**What you need to do**
Each record must be copied in full and unchanged; any image it holds is excluded.

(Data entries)
◆ ◆ ◆
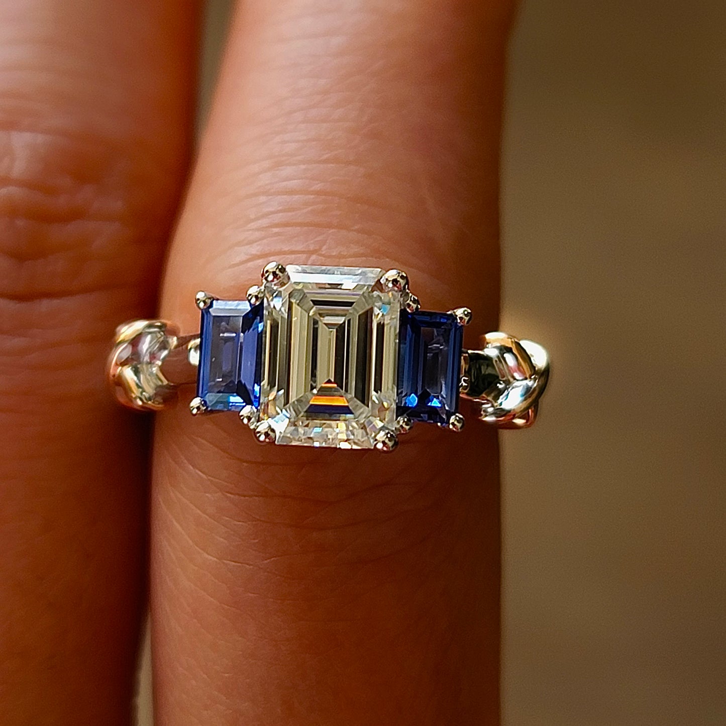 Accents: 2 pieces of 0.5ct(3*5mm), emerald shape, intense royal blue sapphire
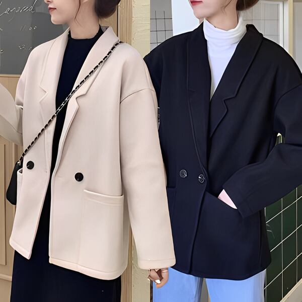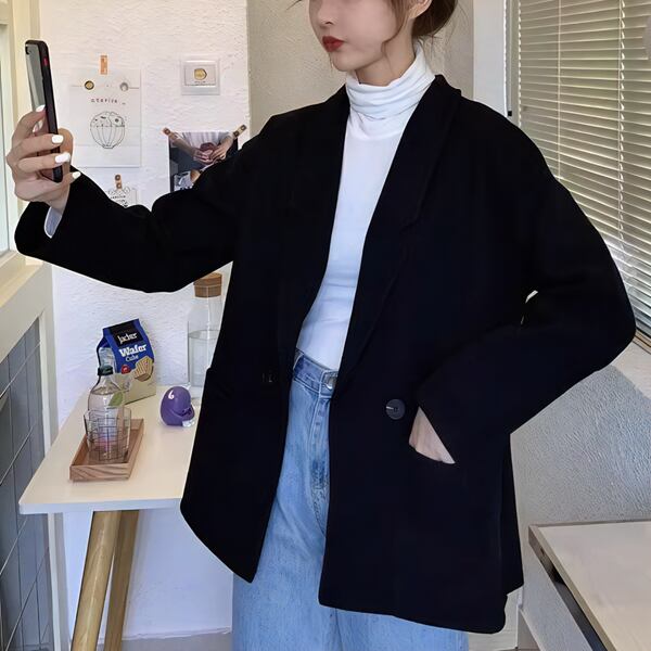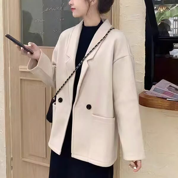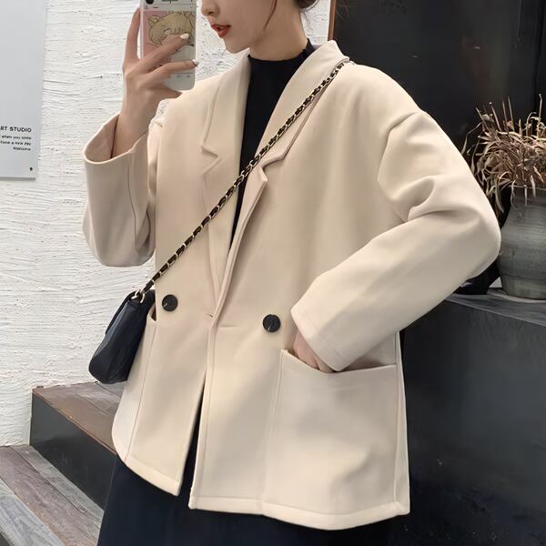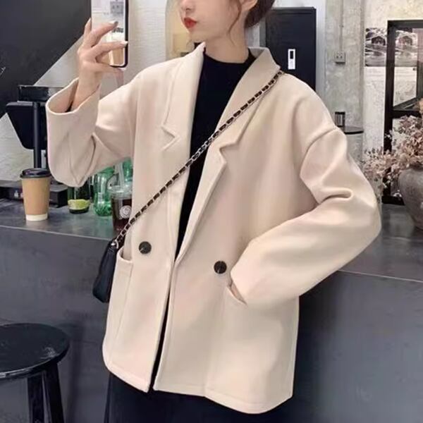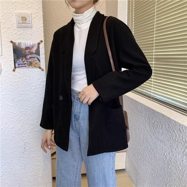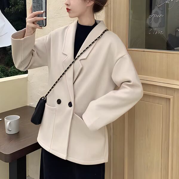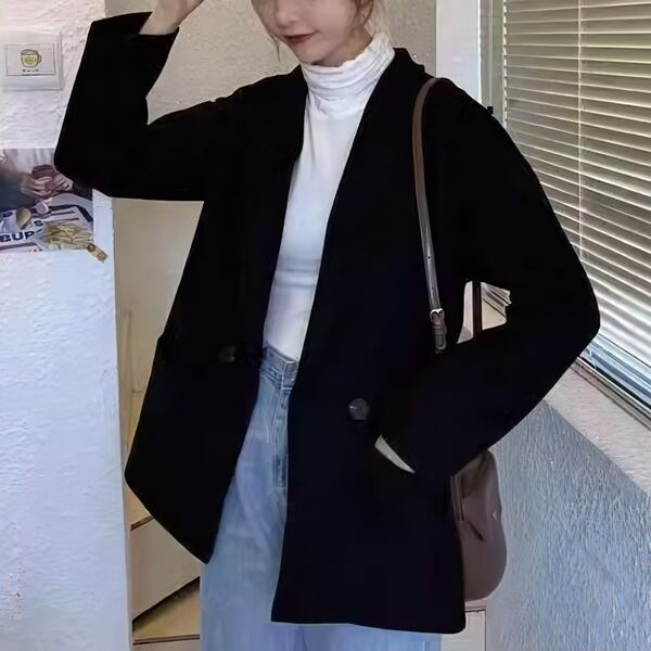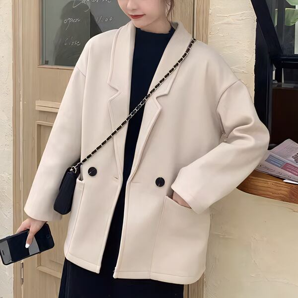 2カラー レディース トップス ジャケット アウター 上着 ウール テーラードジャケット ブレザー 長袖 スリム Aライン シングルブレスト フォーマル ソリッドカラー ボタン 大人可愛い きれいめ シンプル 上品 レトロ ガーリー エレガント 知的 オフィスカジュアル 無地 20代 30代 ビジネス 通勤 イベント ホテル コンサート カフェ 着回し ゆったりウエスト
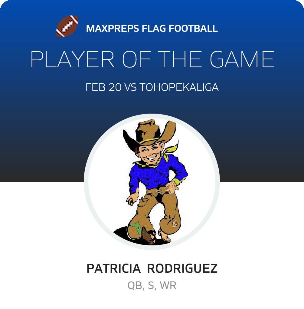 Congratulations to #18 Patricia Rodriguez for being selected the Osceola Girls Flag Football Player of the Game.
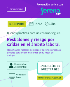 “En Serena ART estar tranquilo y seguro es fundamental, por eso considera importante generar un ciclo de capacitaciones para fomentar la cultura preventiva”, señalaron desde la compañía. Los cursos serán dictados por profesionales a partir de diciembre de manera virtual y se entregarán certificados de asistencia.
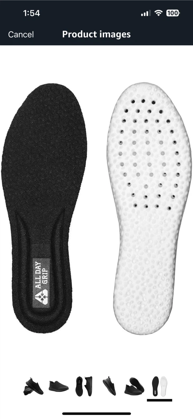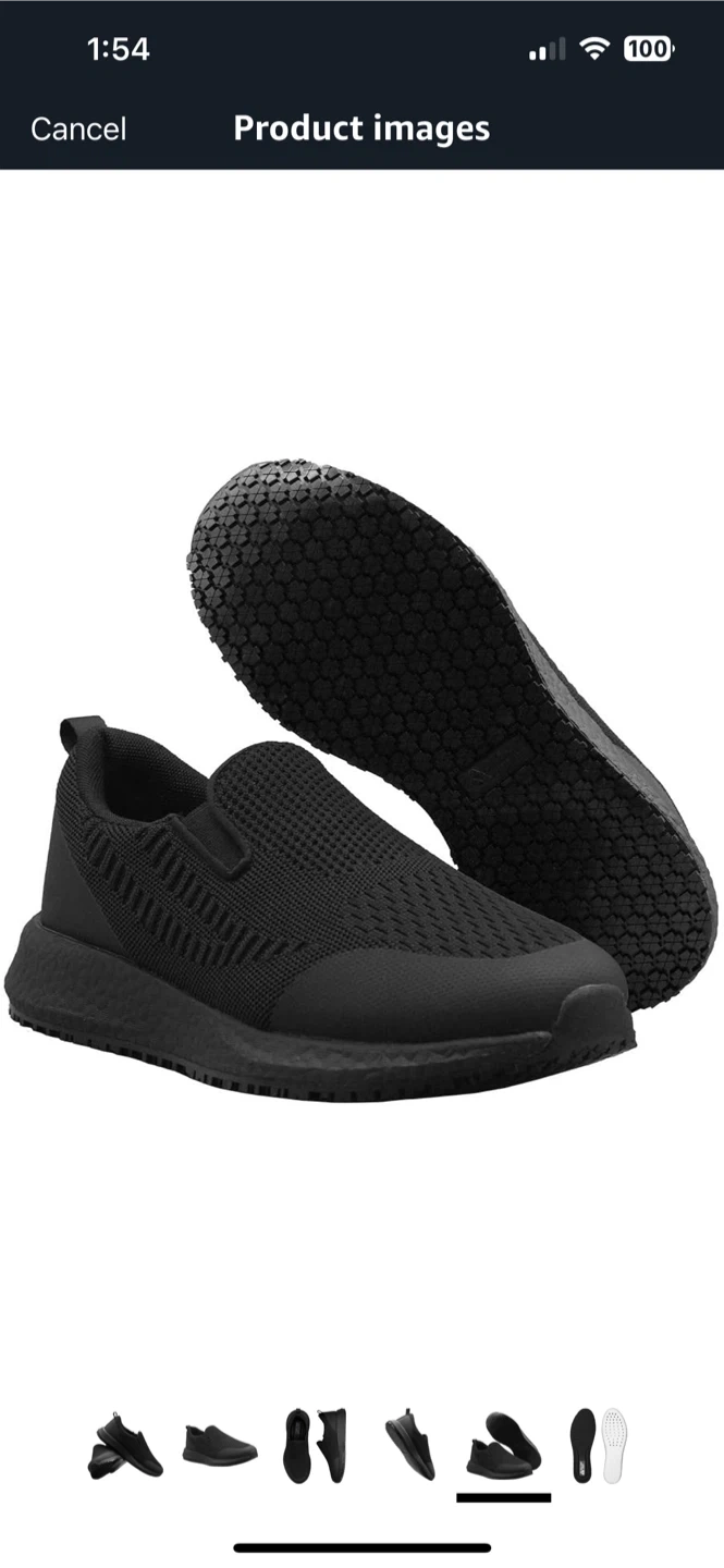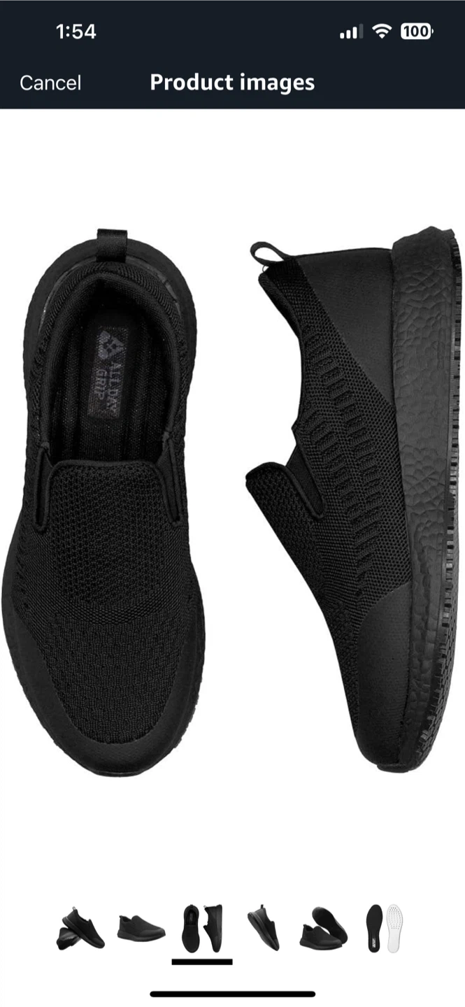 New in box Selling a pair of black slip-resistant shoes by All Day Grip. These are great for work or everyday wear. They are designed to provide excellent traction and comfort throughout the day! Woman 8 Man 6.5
◆ ◆ ◆
**Exercise output**
 Accents: 2 pieces of 0.5ct(3*5mm), emerald shape, intense royal blue sapphire
 2カラー レディース トップス ジャケット アウター 上着 ウール テーラードジャケット ブレザー 長袖 スリム Aライン シングルブレスト フォーマル ソリッドカラー ボタン 大人可愛い きれいめ シンプル 上品 レトロ ガーリー エレガント 知的 オフィスカジュアル 無地 20代 30代 ビジネス 通勤 イベント ホテル コンサート カフェ 着回し ゆったりウエスト
 Congratulations to #18 Patricia Rodriguez for being selected the Osceola Girls Flag Football Player of the Game.
 “En Serena ART estar tranquilo y seguro es fundamental, por eso considera importante generar un ciclo de capacitaciones para fomentar la cultura preventiva”, señalaron desde la compañía. Los cursos serán dictados por profesionales a partir de diciembre de manera virtual y se entregarán certificados de asistencia.
 New in box Selling a pair of black slip-resistant shoes by All Day Grip. These are great for work or everyday wear. They are designed to provide excellent traction and comfort throughout the day! Woman 8 Man 6.5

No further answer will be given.